"Deus perdoa os que fodem", Tinto Brass.
Sempre achei que nunca contamos tudo. Aquele detalhe, um gesto, uma palavra, o olhar deflagrador entre todos os outros, a confirmação de que os olhares precedentes não se esbarraram por pura coincidência, por acaso, mas porque se atraíam. Talvez não soubesse dizer qual, dentre todos, foi aquele que legitimara alguma paixão e confessara a intencionalidade do gesto. Aquele instante infotografável, irregistrável. Talvez um sorriso. Talvez. Não existe lógica matemática que formule todos os gestos, palavras, sorrisos, insinuações que me levaram até ela.
Um tanto distante um do outro, sim, mas em algum ponto nossos pensamentos se tocavam. Em algum ponto adimensional, onde se desfaz, por leis inconcebíveis e específicas, a validade do nosso conceito de espaço-tempo. Sabíamos, no entanto, e é isso que importa, que nossos espíritos se tateavam e se descobriam. E quando nossos olhares se esbarravam, era porque precisávamos reforçar a linha que nos conectava espiritualmente e nos certificar de que essa linha não era frágil ou apenas um equívoco. Por isso o impacto: um soco no peito, uma mão que constringe o coração e que o tensiona com mil emoções, com todas as emoções que implodem de uma paixão. E por isso o suspiro depois que nos virávamos, cada um para seu grupo de conversa. Emergíamos de um estado quase hipnótico, apesar de milesimático; mas como um corpo que se afogava e finalmente encontrasse ar para respirar, a tensão se dissipava aos poucos e deixava seqüelas, vestígios. E a vontade de nos encontrarmos de novo no olhar.
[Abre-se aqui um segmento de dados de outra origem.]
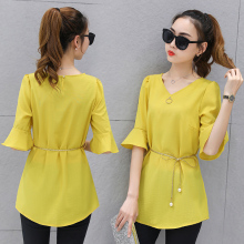 2017夏装新款韩范修身中长款小香风系带雪纺衫女装显瘦短袖上衣潮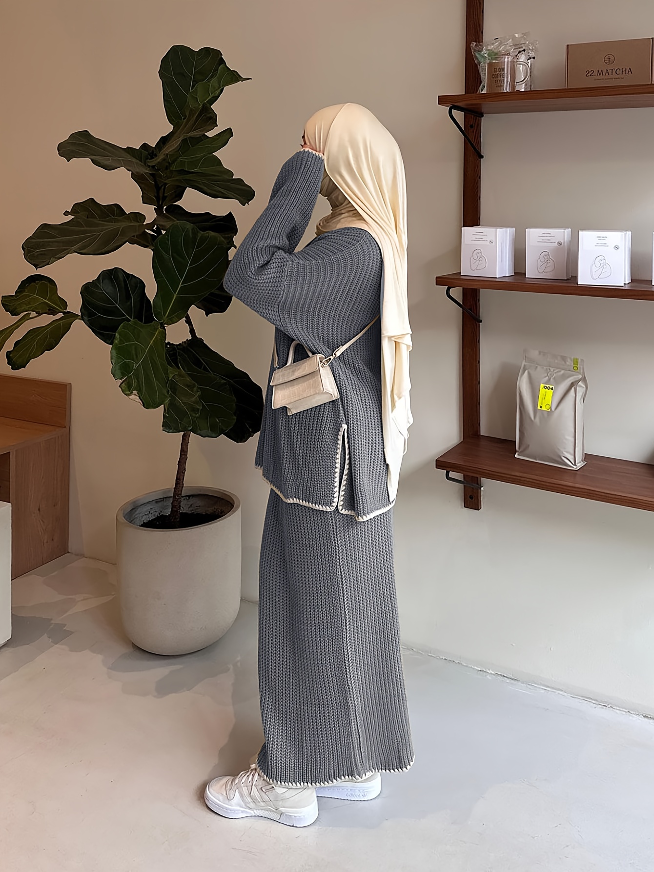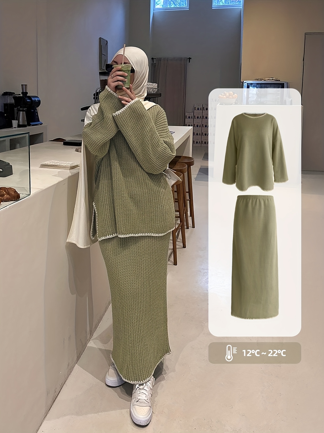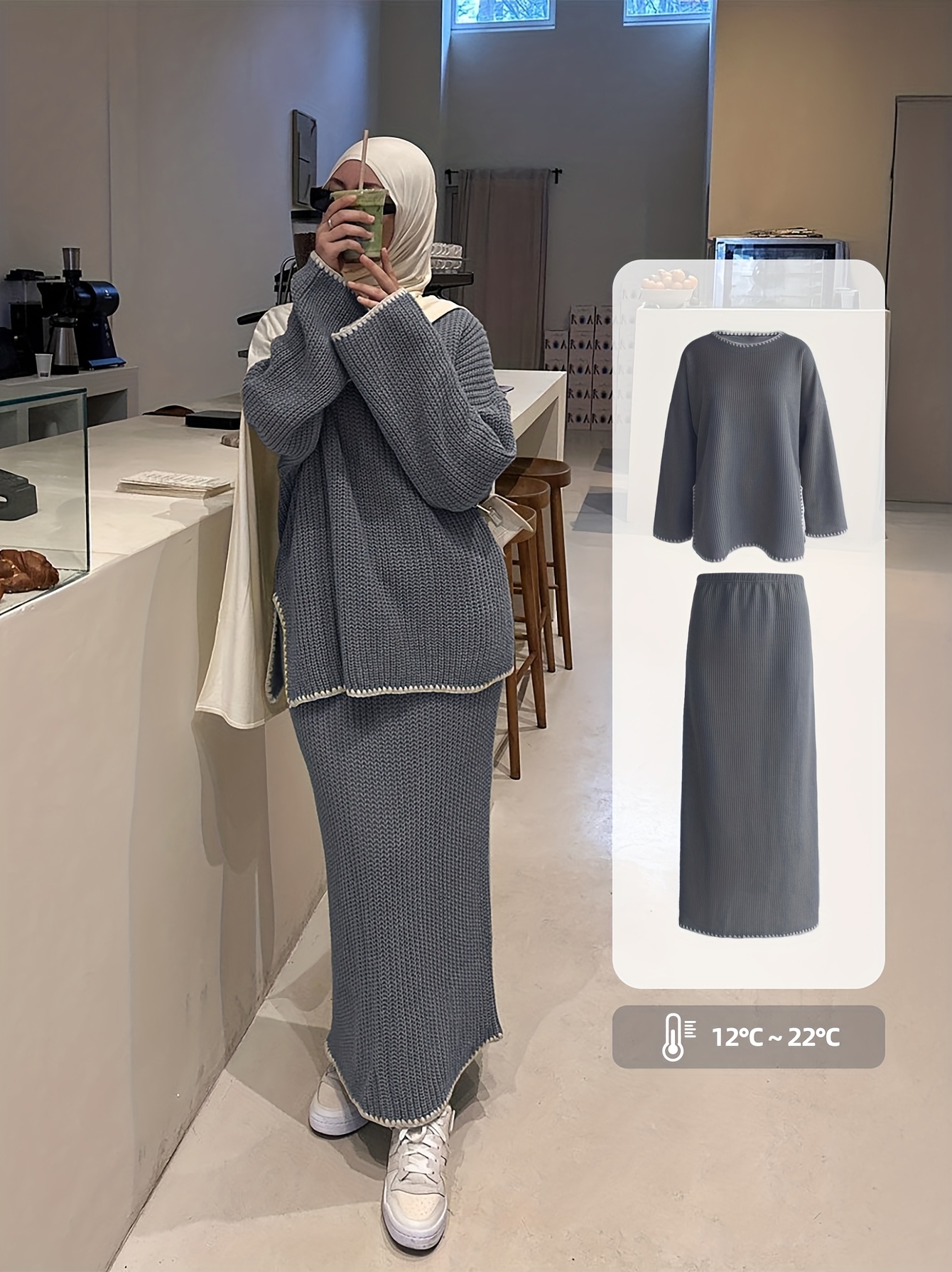 A Two-Piece Solid Color Textured Suit, Consisting of a Loose Top with Shell Embroidery And a Skirt, Suitable for Indoor Casual Coffee Occasions, Suitable for Autumn And Winter Wear

Era uma troca espontânea de volúpias. O desejo alimentava-se dos olhares, nossos espíritos se atraíam, e nossos corpos sentiam a necessidade do toque. Distraíamo-nos nas conversas, nas piadinhas, e de vez em quando conseguíamos trocar palavras diretas: comentários irrelevantes, que se dispersavam e se desfaziam nos ouvidos, restando apenas o eco da voz do outro, como uma espécie de recordação, não para ser contemplada, não uma voz enaltecida e adocicada pela paixão, mas como uma identidade, que revelava mais de seu locutor do que as palavras ditas poderiam fazê-lo. E nessa linguagem polissêmica e incerta que é a troca de olhares, nos revelávamos e nos insinuávamos, nos comunicávamos verdadeiramente, num fluxo desordenado de consciência, de emoções, que não se distinguiam e que se confundiam no reflexo atordoante da íris, de onde não podiam transpassar.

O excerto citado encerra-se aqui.